> **What the task requires**
Output the data below only from the line containing "甘什嶺檳榔谷原生態(tài)" up to and including the line containing "Kole's Gauntlet, Energy", exact and with the pictures left out.

> **Data for the task**
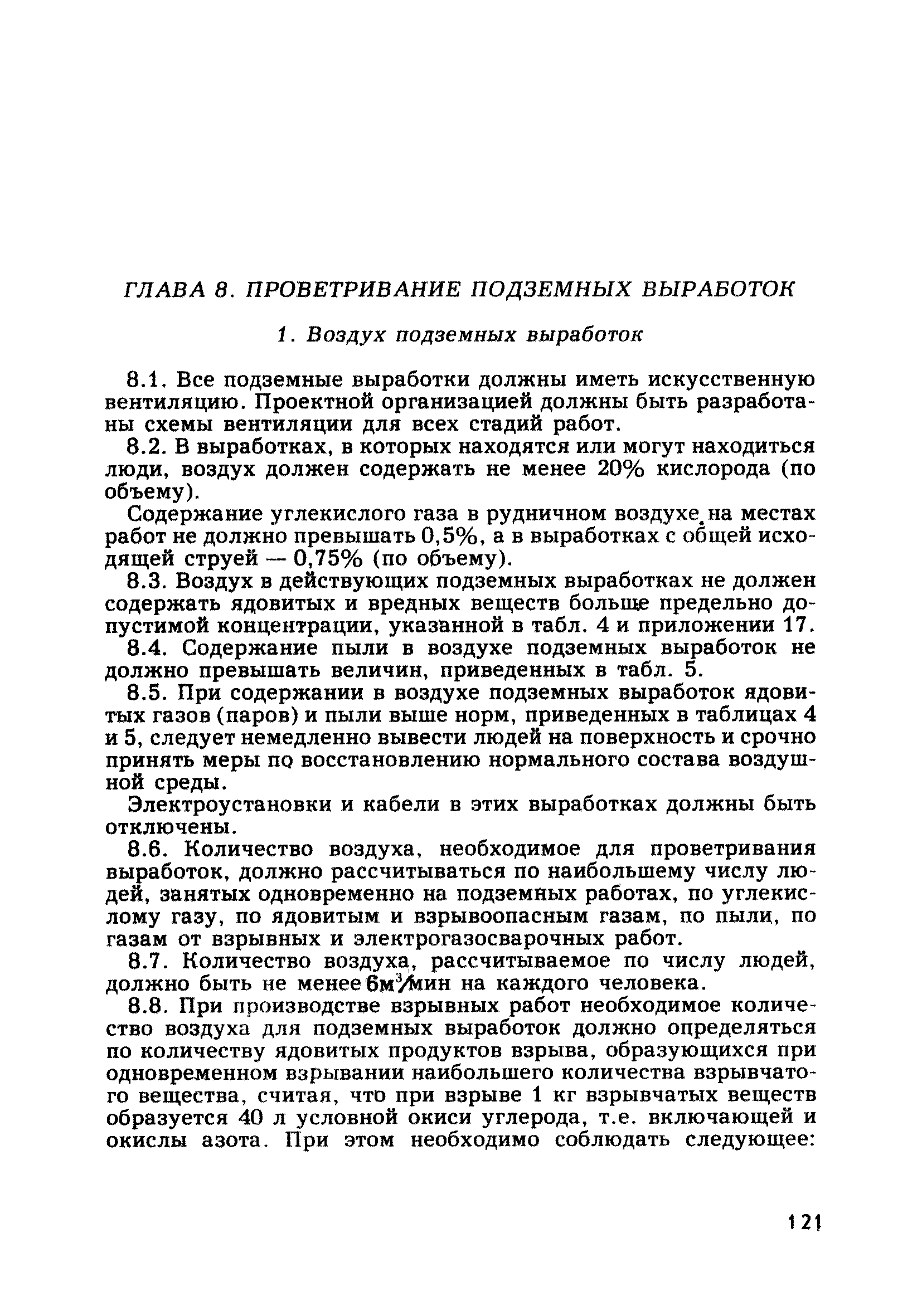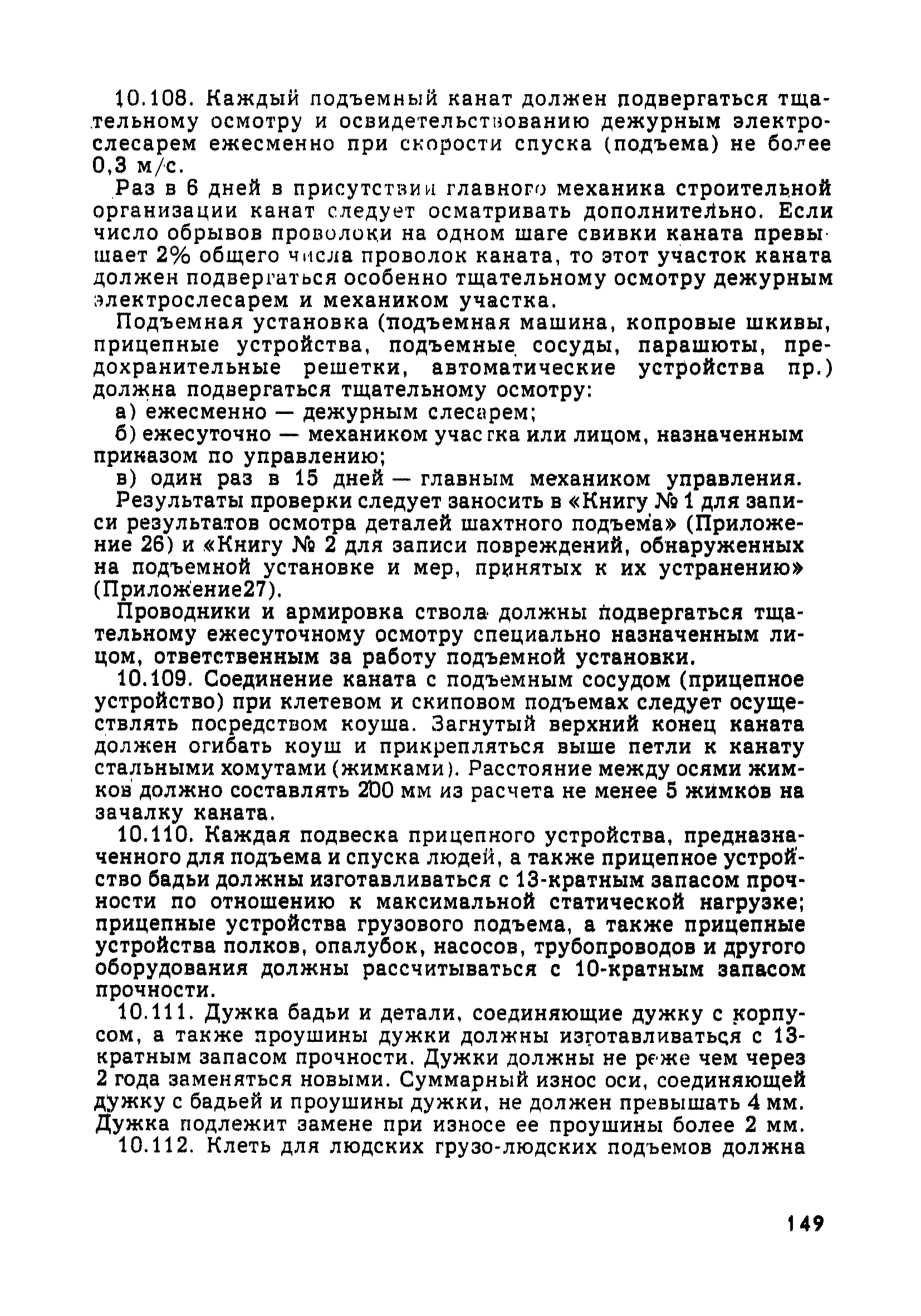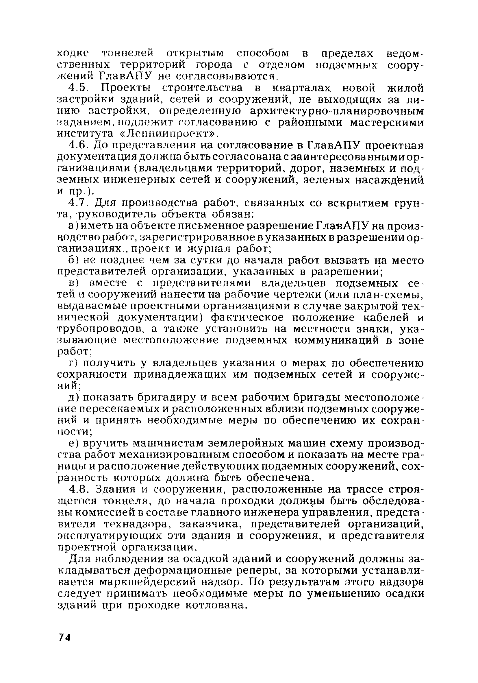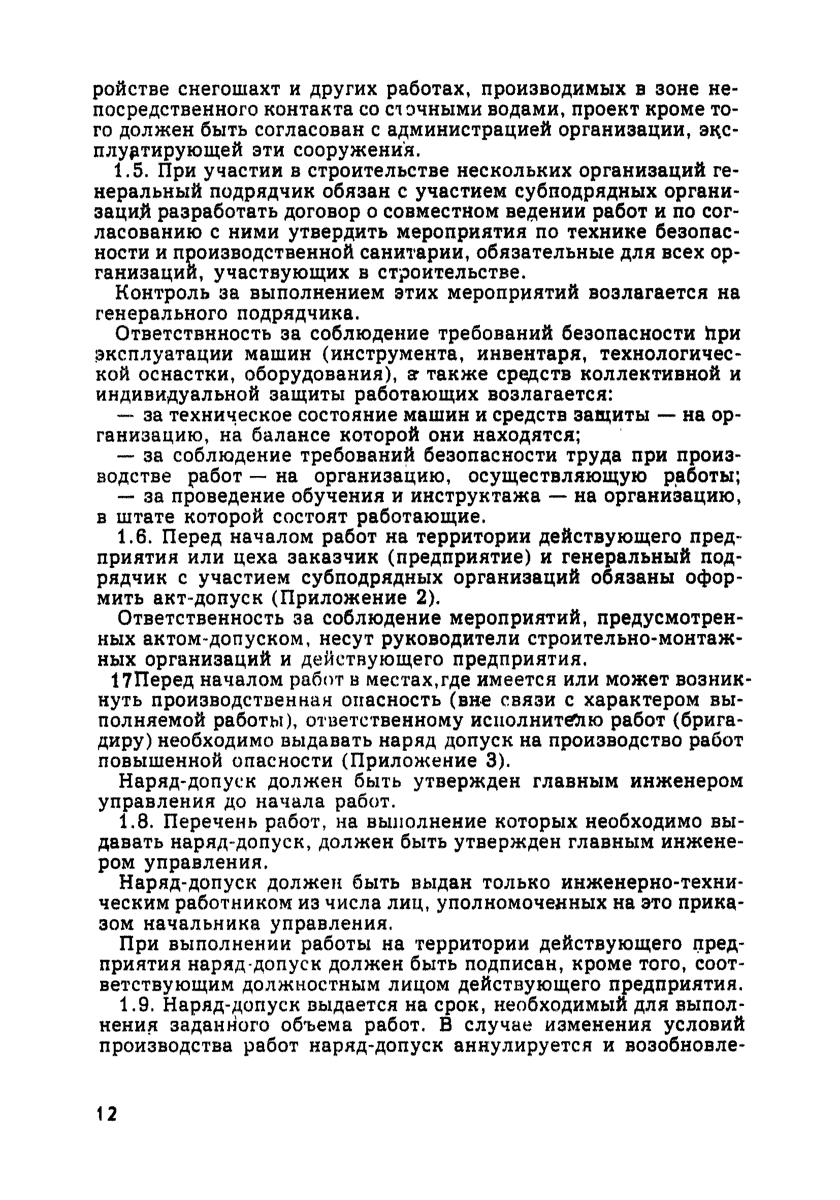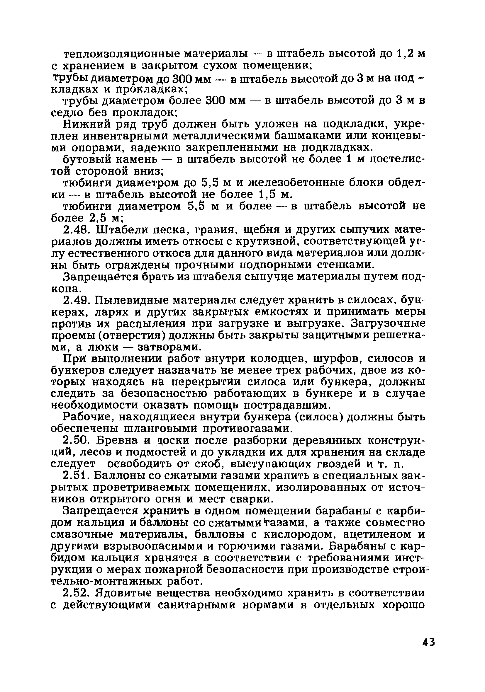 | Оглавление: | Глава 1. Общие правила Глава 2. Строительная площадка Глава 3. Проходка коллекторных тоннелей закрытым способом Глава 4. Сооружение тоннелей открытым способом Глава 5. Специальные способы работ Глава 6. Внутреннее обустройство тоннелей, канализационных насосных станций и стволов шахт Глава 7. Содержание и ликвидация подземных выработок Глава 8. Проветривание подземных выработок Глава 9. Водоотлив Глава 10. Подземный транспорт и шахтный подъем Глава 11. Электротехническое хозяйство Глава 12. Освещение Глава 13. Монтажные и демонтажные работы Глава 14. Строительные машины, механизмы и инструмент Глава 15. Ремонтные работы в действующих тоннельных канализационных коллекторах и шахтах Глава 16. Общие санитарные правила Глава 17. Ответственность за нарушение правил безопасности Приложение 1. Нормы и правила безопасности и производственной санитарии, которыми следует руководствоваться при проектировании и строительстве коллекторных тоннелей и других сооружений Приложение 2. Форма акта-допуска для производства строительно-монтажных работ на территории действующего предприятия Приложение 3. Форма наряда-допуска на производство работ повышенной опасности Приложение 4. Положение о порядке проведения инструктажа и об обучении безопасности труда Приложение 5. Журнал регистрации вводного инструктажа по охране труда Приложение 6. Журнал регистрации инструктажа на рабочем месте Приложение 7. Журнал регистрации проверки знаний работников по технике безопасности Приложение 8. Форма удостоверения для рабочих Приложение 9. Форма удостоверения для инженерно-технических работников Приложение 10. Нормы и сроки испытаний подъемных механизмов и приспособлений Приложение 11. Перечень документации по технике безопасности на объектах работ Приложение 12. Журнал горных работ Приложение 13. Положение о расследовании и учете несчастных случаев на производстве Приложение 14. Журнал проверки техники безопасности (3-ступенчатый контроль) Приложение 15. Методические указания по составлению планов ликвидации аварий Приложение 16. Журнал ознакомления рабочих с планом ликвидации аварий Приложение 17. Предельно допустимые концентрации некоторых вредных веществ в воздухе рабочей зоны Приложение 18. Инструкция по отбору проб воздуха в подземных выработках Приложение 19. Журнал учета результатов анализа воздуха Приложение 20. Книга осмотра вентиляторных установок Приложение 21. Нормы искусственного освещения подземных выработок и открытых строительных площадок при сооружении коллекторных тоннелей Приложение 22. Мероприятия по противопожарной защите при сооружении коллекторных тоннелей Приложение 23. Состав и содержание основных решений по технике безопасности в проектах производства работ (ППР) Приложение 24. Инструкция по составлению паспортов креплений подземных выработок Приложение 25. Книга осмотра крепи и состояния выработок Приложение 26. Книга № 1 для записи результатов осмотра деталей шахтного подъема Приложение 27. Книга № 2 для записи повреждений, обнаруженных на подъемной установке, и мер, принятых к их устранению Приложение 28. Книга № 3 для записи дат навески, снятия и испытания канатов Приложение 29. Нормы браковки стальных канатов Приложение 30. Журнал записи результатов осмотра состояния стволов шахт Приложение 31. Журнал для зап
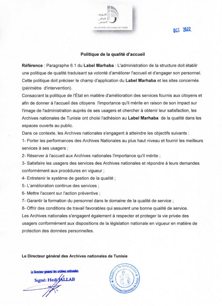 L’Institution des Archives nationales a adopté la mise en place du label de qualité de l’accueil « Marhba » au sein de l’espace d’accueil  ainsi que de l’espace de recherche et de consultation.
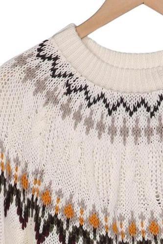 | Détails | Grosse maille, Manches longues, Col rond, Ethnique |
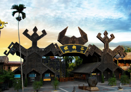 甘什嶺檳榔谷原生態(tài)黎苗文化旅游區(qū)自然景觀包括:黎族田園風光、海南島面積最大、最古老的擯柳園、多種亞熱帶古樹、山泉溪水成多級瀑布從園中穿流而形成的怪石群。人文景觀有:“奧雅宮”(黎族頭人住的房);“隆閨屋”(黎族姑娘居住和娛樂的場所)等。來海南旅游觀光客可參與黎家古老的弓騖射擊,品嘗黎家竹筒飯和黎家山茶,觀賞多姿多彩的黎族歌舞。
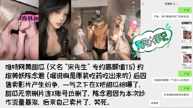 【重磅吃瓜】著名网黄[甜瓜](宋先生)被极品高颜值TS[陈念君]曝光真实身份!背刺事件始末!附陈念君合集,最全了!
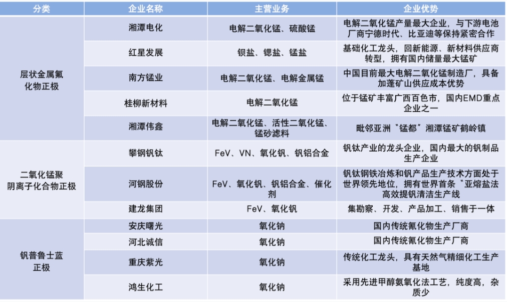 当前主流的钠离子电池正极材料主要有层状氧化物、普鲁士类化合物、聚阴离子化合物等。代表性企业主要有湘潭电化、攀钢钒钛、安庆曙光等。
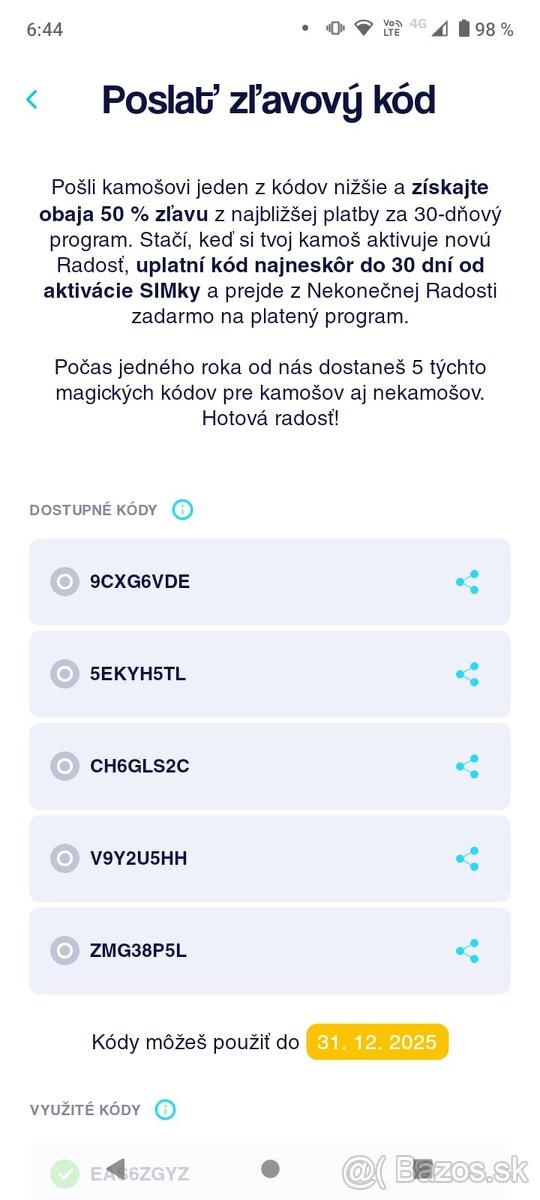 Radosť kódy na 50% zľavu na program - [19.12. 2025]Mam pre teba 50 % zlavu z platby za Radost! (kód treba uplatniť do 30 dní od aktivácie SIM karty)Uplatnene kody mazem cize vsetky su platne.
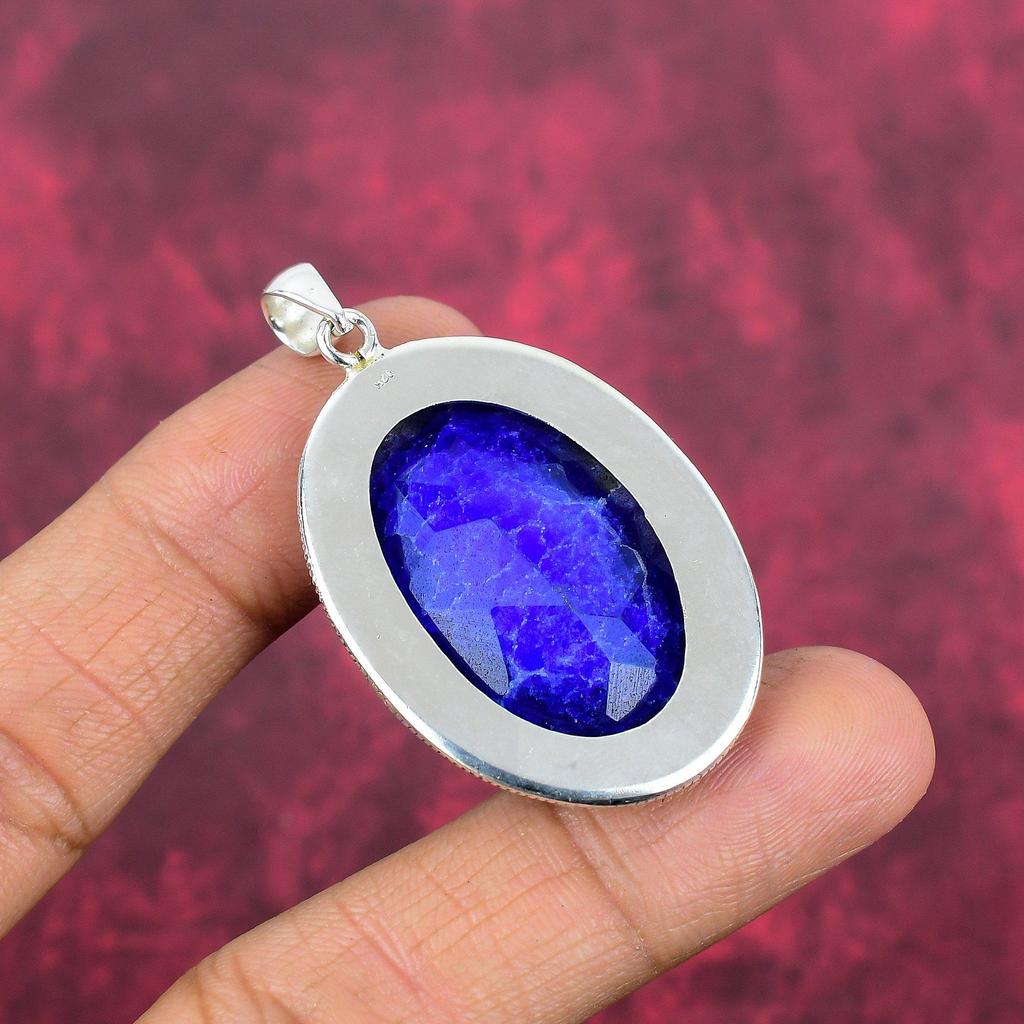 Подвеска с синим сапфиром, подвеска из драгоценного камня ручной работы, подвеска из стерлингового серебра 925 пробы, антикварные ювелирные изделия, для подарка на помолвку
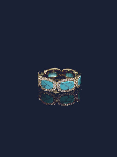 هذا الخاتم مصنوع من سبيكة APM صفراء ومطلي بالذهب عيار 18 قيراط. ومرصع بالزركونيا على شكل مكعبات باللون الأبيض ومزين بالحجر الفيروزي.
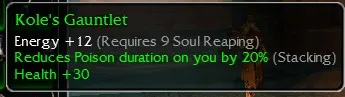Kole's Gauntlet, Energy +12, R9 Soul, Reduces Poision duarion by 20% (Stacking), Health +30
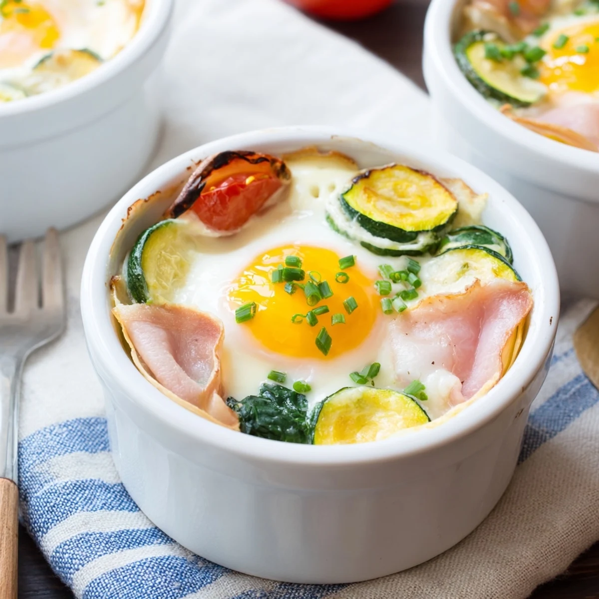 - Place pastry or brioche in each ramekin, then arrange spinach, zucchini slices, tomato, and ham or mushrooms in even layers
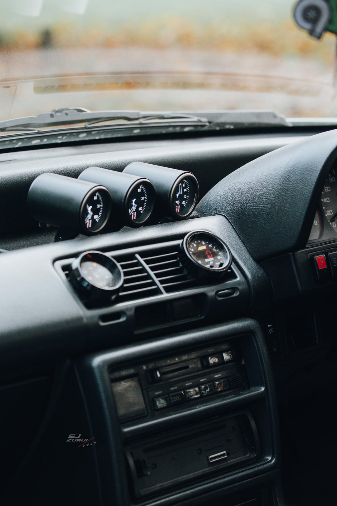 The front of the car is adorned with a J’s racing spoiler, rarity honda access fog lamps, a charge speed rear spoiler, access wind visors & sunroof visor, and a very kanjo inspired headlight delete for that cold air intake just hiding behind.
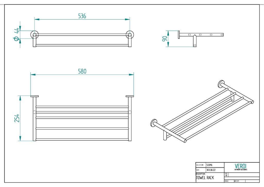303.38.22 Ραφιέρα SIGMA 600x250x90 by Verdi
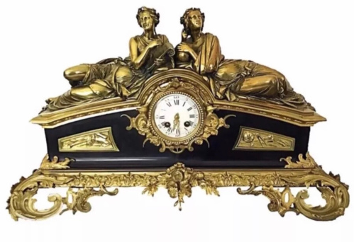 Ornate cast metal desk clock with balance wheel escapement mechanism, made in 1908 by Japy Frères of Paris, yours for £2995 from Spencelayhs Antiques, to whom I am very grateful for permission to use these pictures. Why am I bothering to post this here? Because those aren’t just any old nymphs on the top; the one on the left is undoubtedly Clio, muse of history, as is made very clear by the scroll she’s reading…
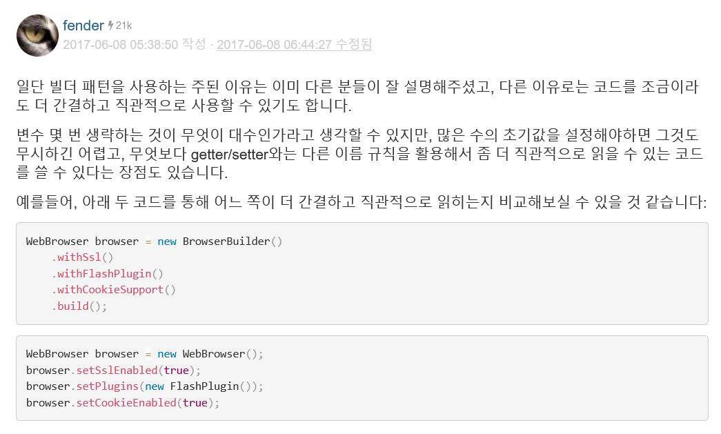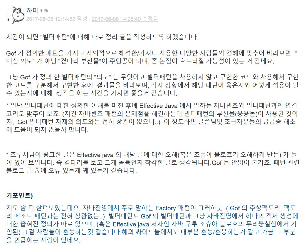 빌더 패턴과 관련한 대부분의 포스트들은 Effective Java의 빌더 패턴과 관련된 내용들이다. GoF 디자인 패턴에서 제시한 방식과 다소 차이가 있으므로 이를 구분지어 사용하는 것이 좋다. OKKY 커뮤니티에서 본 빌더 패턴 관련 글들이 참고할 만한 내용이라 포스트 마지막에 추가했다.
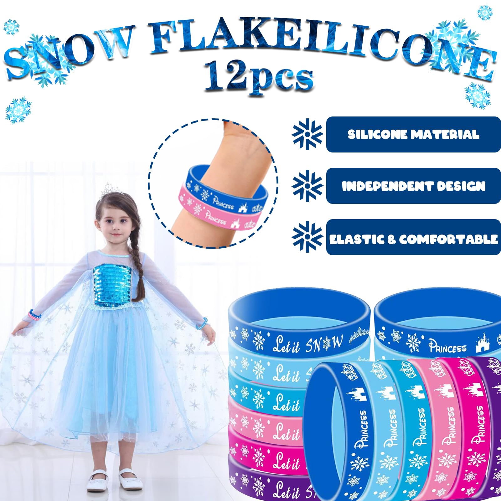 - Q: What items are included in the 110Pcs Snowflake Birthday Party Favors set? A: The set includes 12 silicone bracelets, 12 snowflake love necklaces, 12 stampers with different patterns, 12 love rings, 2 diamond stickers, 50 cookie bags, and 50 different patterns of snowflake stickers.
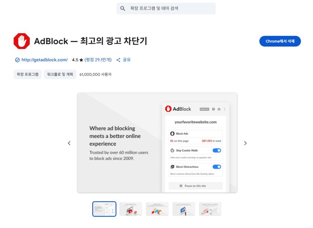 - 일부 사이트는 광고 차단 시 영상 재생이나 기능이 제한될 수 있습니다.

> **Your response**
 甘什嶺檳榔谷原生態(tài)黎苗文化旅游區(qū)自然景觀包括:黎族田園風光、海南島面積最大、最古老的擯柳園、多種亞熱帶古樹、山泉溪水成多級瀑布從園中穿流而形成的怪石群。人文景觀有:“奧雅宮”(黎族頭人住的房);“隆閨屋”(黎族姑娘居住和娛樂的場所)等。來海南旅游觀光客可參與黎家古老的弓騖射擊,品嘗黎家竹筒飯和黎家山茶,觀賞多姿多彩的黎族歌舞。
 【重磅吃瓜】著名网黄[甜瓜](宋先生)被极品高颜值TS[陈念君]曝光真实身份!背刺事件始末!附陈念君合集,最全了!
 当前主流的钠离子电池正极材料主要有层状氧化物、普鲁士类化合物、聚阴离子化合物等。代表性企业主要有湘潭电化、攀钢钒钛、安庆曙光等。
 Radosť kódy na 50% zľavu na program - [19.12. 2025]Mam pre teba 50 % zlavu z platby za Radost! (kód treba uplatniť do 30 dní od aktivácie SIM karty)Uplatnene kody mazem cize vsetky su platne.
 Подвеска с синим сапфиром, подвеска из драгоценного камня ручной работы, подвеска из стерлингового серебра 925 пробы, антикварные ювелирные изделия, для подарка на помолвку
 هذا الخاتم مصنوع من سبيكة APM صفراء ومطلي بالذهب عيار 18 قيراط. ومرصع بالزركونيا على شكل مكعبات باللون الأبيض ومزين بالحجر الفيروزي.
Kole's Gauntlet, Energy +12, R9 Soul, Reduces Poision duarion by 20% (Stacking), Health +30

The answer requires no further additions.